Hi there! I'm currently a PhD student in chemical engineering and applied chemistry at the University of Toronto. My research revolves around the acceleration of material discovery using deep learning and exploring the multimodality of metal-organic frameworks. Feel free to connect with me on LinkedIn or BlueSky if you are ever interested in talking about chemistry, cheminformatics, material science, engineering or just life!

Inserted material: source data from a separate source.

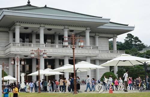 줄지어 차례 기다리는 청와대 본관 관람객 |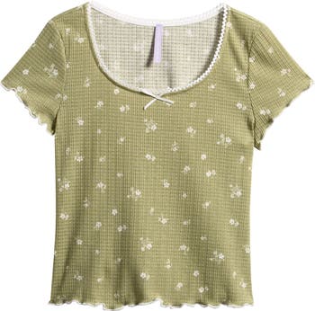 Lettuce edges and a retro floral print emphasize the vintage vibe of this kid-sized T-shirt sweetened with a scalloped neckline and a satin bow.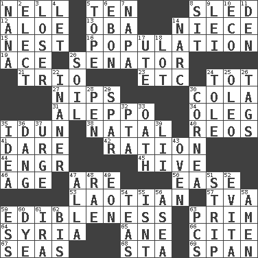 ACROSS 1. 1994 drama film starring Jodie Foster 5. Nine, plus one 8. Downhill vehicle 12. _ vera 13. Chief or king in Benin or Nigeria 14. Sibling's daughter 15. Egg locale 16. Census information 19. Adept person 20. Legislator 21. Musical group of three 23. And so on (abbr.) 24. Small child 27. Pinches, bites 30. Root beer relative 31. City in Syria 34. Cassini of fashion 35. Goddess of spring and wife of Bragi 38. Relating to or accompanying birth 40. Vintage cars 41. Have the gumption 42. Food allowance for one day 44. Engineer (abbr.) 45. Hub of activity 46. Ripen 47. "We ___ not amused" (Victoria) 50. Relaxation 53. Of or relating to Laos or its people 57. Federal power corp. 59. The property of being fit to eat 63. Demure 64. Damascus' land 65. A saturated hydrocarbon 66. Quote 67. Oceans 68. R.R. building 69. Connect, as a bridge DOWN 1. Nanny 2. Voters do this 3. Failure 4. Allow 5. Drink excessively 6. Inky black, to poets 7. California wine valley 8. Be seated 9. Luau accessory 10. Environmental prefix 11. Lair 14. Drug cop 17. Shoshoni 18. Car dealer's back yard 20. Earth 22. Sillier 24. Lacquered or enameled metalware 25. Butter sub 26. Labels 28. Animal enclosure 29. Practice fight 30. Pupil covering 32. Parent Teacher Association (abbr.) 33. Pledge 35. The content of cognition 36. Mild oath, euphamism for damn 37. Goad 39. Cards in a Roman deck? 43. Baking chamber 47. Silent film actress Nazimova 48. Actress Charlotte 49. Age 51. Remove all contents or possession from 52. Webber/Rice musical 54. Beverages made from leaves 55. Is not 56. Toward the sea 58. So be it 59. Curvy letter 60. Color 61. Lyricist Gershwin 62. Again 63. Personal Computers (abbr.)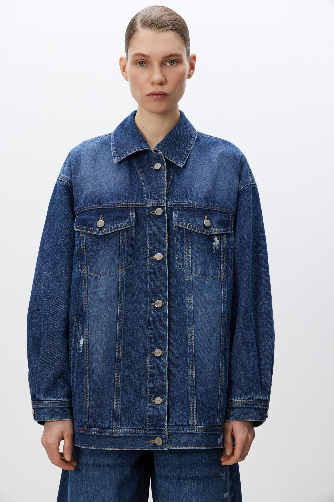 Джинсовый жакет из 100% хлопка. Модель прямого кроя, с отложным воротником, длинными рукавами с манжетами на пуговицах. Изделие декорировано накладными карманами на груди и боковыми карманами спереди. Застежка на пуговицы.
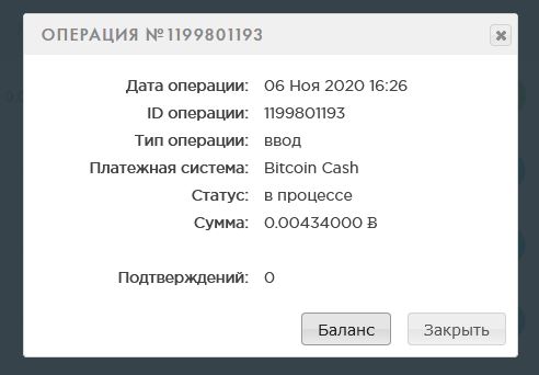 Получено ноябрь 6 2020 @5:25вечера To: My Bitcoin Cash Wallet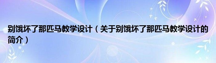 大家好,別餓壞了那匹馬教學(xué)設(shè)計(jì),關(guān)于別餓壞了那匹馬教學(xué)設(shè)計(jì)的簡介很多人還不知道,現(xiàn)在讓我們一起來看看吧!

There is a huge incentive (especially now!) with exploring deep learning in MOFs. When designing MOFs, there are millions of possible permutations between the set of available metals and organic linkers - which also means that doing experimental synthesis or screening through molecular dynamics would be extremely expensive and time-consuming. Machine (and deep) learning offers a much cheaper and faster way of exploring this space, while not sacrificing much in terms of performance. Not only does deep learning lay the foundation of the acceleration of material discovery in MOFs, but it also lays the foundation of application discovery! At the end of the day, we want to find MOFs with a diverse set of applications - and deep learning gives us a way of finding these.
In many cases, a single modality is insufficient for creating robust models. This is especially true for metal-organic frameworks (MOFs), where both the chemical composition and structural geometry must be adequately represented to build effective models that can accelerate material discovery. Therefore, it is essential to combine multiple modalities. Examples of modalities in MOFs include atomistic embeddings of the crystal structure, energy grids, textual representations like SMILES or MOFid, spectral data (e.g., PXRD, NMR), chemical descriptors (e.g., revised autocorrelations), and geometric descriptors (e.g., largest included sphere, free sphere, accessible surface area, and volumes). However, multimodality raises important questions, such as determining which modalities are most appropriate for specific scenarios. Ideally, the chosen modalities should be readily available or easy to obtain close to the synthesis stage.
One of my current interests is to perform generative design of MOFs using available modalities. With generative design, there are many incentives - but the most important ones are that it removes the complexity of constructing computational structures of MOFs and it allows greater amounts of discovery of brand new MOFs. Currently, MOF generative designs exist in the form of diffusion models, variational autoencoders and can even leverage large language models - but I wish to explore and expand on this.
Will be updating as my PhD carries on...